Вспоминать о родственниках ему не хотелось.
Письмо от племянника вынула из ящика теща, вредная, жутковатая старуха (ровно на год младше самого членкора, пардон, с 1951 года уже академика), присутствие которой Захаржевский терпел лишь потому, что она взяла на себя все заботы о сыночке – Никитушке, первенце, который появился на свет в семье пятидесятилетнего академика меньше года назад. Выходила малыша, родившегося хилым и болезненным, окуривала, травами, поила, обереги в подушечку зашивала. Молилась еженощно – к ужасу академика, атеиста по должности и убеждениям. Но к году ребеночек выправился, окреп, свесил по плечам розовые щечки. Тогда Всеволод Иванович начал было настраивать молодую жену: не пора ли, мол, пора, не заскучала ли мамочка по родному дому, чадо-то теперь можно и опытной няне препоручить... Но Ада – по паспорту Ариадна Сергеевна – и слушать не стала.
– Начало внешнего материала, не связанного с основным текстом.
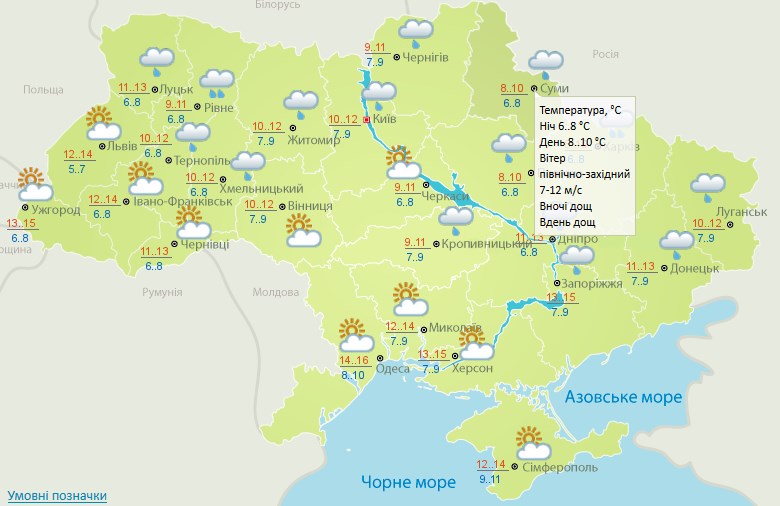 Ночью температура воздуха 5-10 градусов, днем 8-13. На Закарпатье и в южных областях 14-16 градусов.
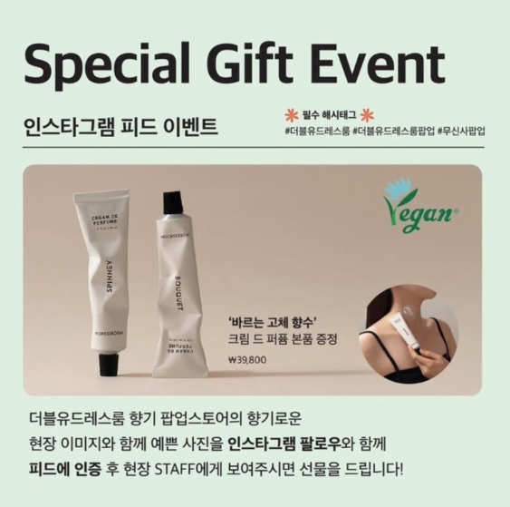 팝업스토어에서는 온라인 구매 인증고객에게는 립 모이스처라이저 10ml 증정, 현장 구매고객은 고벨류 GWP증정(3종파우치-5만 원 이상 구매 시, 토트백, 풍선), 러키드로우, 향기 MBTI, 포토부스 운영 등의 이벤트를 진행한다.

– Только через мой труп, – заявила она. – Ты не соизволил купить мне шубу, которую Зиночка задаром отдавала, а на няню тебе денег не жалко, хотя мама обходится нам почти бесплатно.
– Но, радость моя, у тебя и так есть три шубы...
– В которых стыдно появиться на люди!
– Тогда, может быть, попросим Клаву?
– Чтобы она весь день возилась с малышом, а дом тем временем зарастал грязью?.. А если маленькому опять станет худо, ты подумал?..
– Ну ладно, ладно, только ради Никитушки... Ради Никитушки! Сына академик любил безмерно и ради него готов был на любые жертвы. Чего стоил один переезд? Как приходилось выбивать семикомнатную квартиру вместо прежней четырехкомнатной, маленькой, но такой уютной! А ругаться с идиотами солдатами, пригнанными на ремонт и перевозку вещей? Вместо дуба в гостиной настелили бук, обои перепутали, грохнули любимую зеленую (как у Ильича!) лампу... А теперь еще брать в дом эту юродивую!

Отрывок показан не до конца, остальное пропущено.